In this paper, the fundamentals of the multiphase MHD model are presented in Section II. After this, the model is applied to a hypothetical aluminum reduction cell with realistic cell geometry and operational conditions. The governing transient equations for turbulent multiphase flow, interface tracking, and electromagnetic fields are solved fully coupled on one common platform: ANSYS Fluent. The simulation starts with a stationary flow field and flat bath–metal interface with a fixed current density distribution on the cathode as boundary condition and a background magnetic flux density field in the whole solution domain. The electromagnetic force (the Lorentz force) field distribution is calculated at each time step. The electromagnetic model can take into account the induced current due to the movement of conductive fluid in a magnetic field, the induced magnetic field due to the electric current flowing within the reduction cell, and the deformation of the bath–metal interface. The detailed information about the cell geometry and cell operation conditions of a hypothetical aluminum reduction cell is described in Section III. Initially the anode bottom is flat, but updated dynamically keeping a constant distance from the deforming bath–metal interface to ensure realistic operational conditions of an aluminum reduction cell. The simulation results are presented in Section IV, where the model sensitivity to cell geometry and operation conditions are analyzed and discussed. This is achieved by comparing the simulation results of melt flow pattern and metal pad heaving of a reference case with those of the test cases through varying model settings, cell geometry, and boundary conditions. To test the model performance, the effects of the model settings with flat bath–metal interface, the inclusions of the induced current density, and the induced magnetic field are studied. In order to understand the effects of side ledge and cross-channel, simulations with different ledge profiles and cross-channel widths were conducted and the predictions on metal pad heaving and flows are compared. In addition, the sensitivity of the results on ACD, current density distribution on cathode, and open channel top is discussed.

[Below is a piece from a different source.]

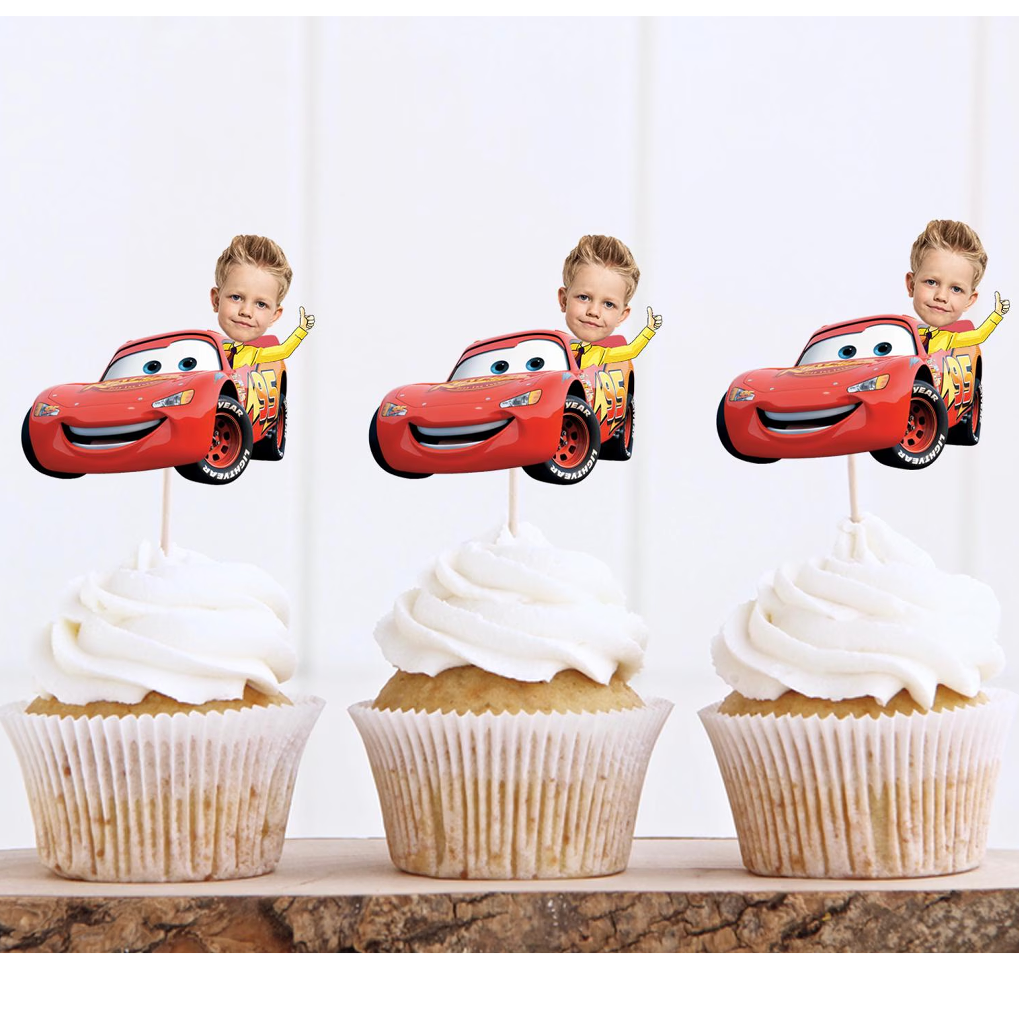 Yarış başlasın! Hız tutkunu minikler için hazırlanan bu McQueen temalı kişiye özel kafa kürdan seti, doğum günü masasına enerjik ve dikkat çekici bir hava katar. Cupcake’lerin üzerinde adeta start çizgisinde bekleyen bir şampiyon gibi durur.

Fundamentals and Model Implementation

The multiphase MHD flow model is developed and implemented on the platform of a commercial CFD tool package ANSYS Fluent. By using the so-called user-defined functions (UDFs), the coupling among two-phase liquid flow, interface deformation, magnetic flux density, electrical potential, current density distribution, and the Lorentz force is realized.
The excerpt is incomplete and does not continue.